Chaney laughed, let it settle.
"So, several
research stations are attacked," he continued. "Which means that these people, whoever they are, didn't know where to look. They only knew that it was somewhere in one of the stations. I can see how that might make sense. They've got something up there, and somebody else wants it."
"There ain't nuthin' that important, kid. Killing two platoons of marines would be considered an overt act of war. Even though we ain't in the Reagan years no more, there's only so much that folks out there in God's country will take. The people would make us hit back, no matter who it was against. And the good ol' boys would be lining up at the recruiting office, just like they did after we kicked butt in the Gulf."
Chaney hadn't considered that; yeah, killing two platoons of marines probably would be considered an overt provocation act of war unless ...unless. . .
"Unless . . ." he said slowly, "we killed them ourselves."
Brick didn't move.
Releasing a heavy breath, he stared at the wall.
"This is unreal," he said.
*
Chapter 10
Staring intently at the topographical map with Takakura sweating and glowering beside him, Hunter tried to find an easily negotiable route to the research station, located on the south side of the White Mountains, a massive range over thirty miles long and completely impossible to clear in time to help the professor.
His brow hardening, Hunter looked at Takakura, and the Japanese just shook his head, still breathing hard from the last hard knoll they'd had to clamber across carrying the stretcher.
This was obviously not good country for a man to get injured, nor one in which to portage a man out. The terrain was becoming increasingly difficult and rough-cut, and the map indicated that it was about to become even more severe.

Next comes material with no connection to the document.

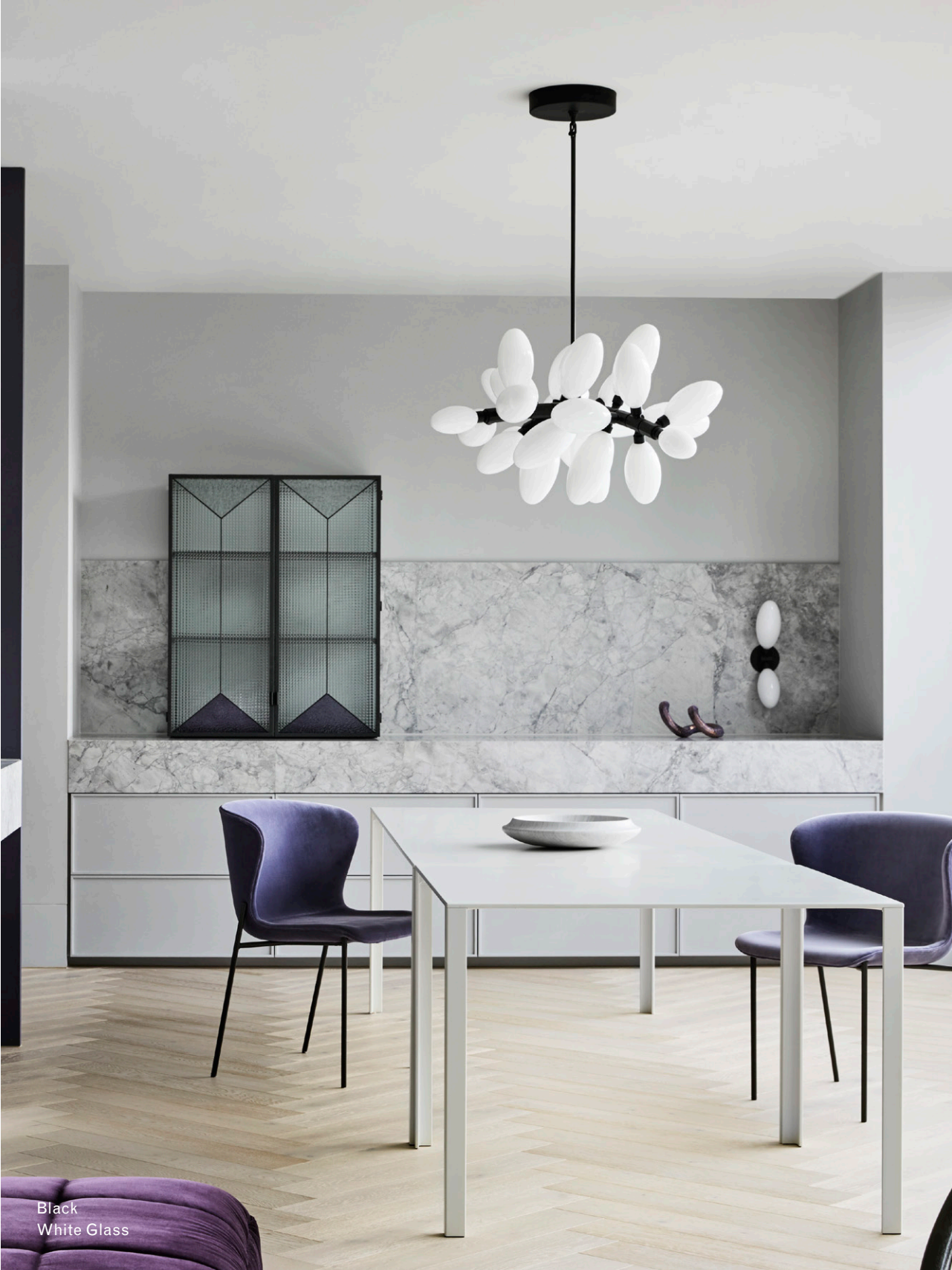
Black White Glass

As a team, they would have had only moderate difficulty clearing the north ridge of the mountains bordering Fossil Creek, a misnamed river that ran the length of the range. But with a wounded man in uncertain condition this was no longer a strike mission; it was a rescue mission.
They couldn't scale, couldn't push the pace at double time when they mercifully reached a rare level area. So far, the longest level path had been about a hundred yards and ended in a long descent that a strong man could negotiate with caution, but only with the greatest difficulty while carrying a wounded man.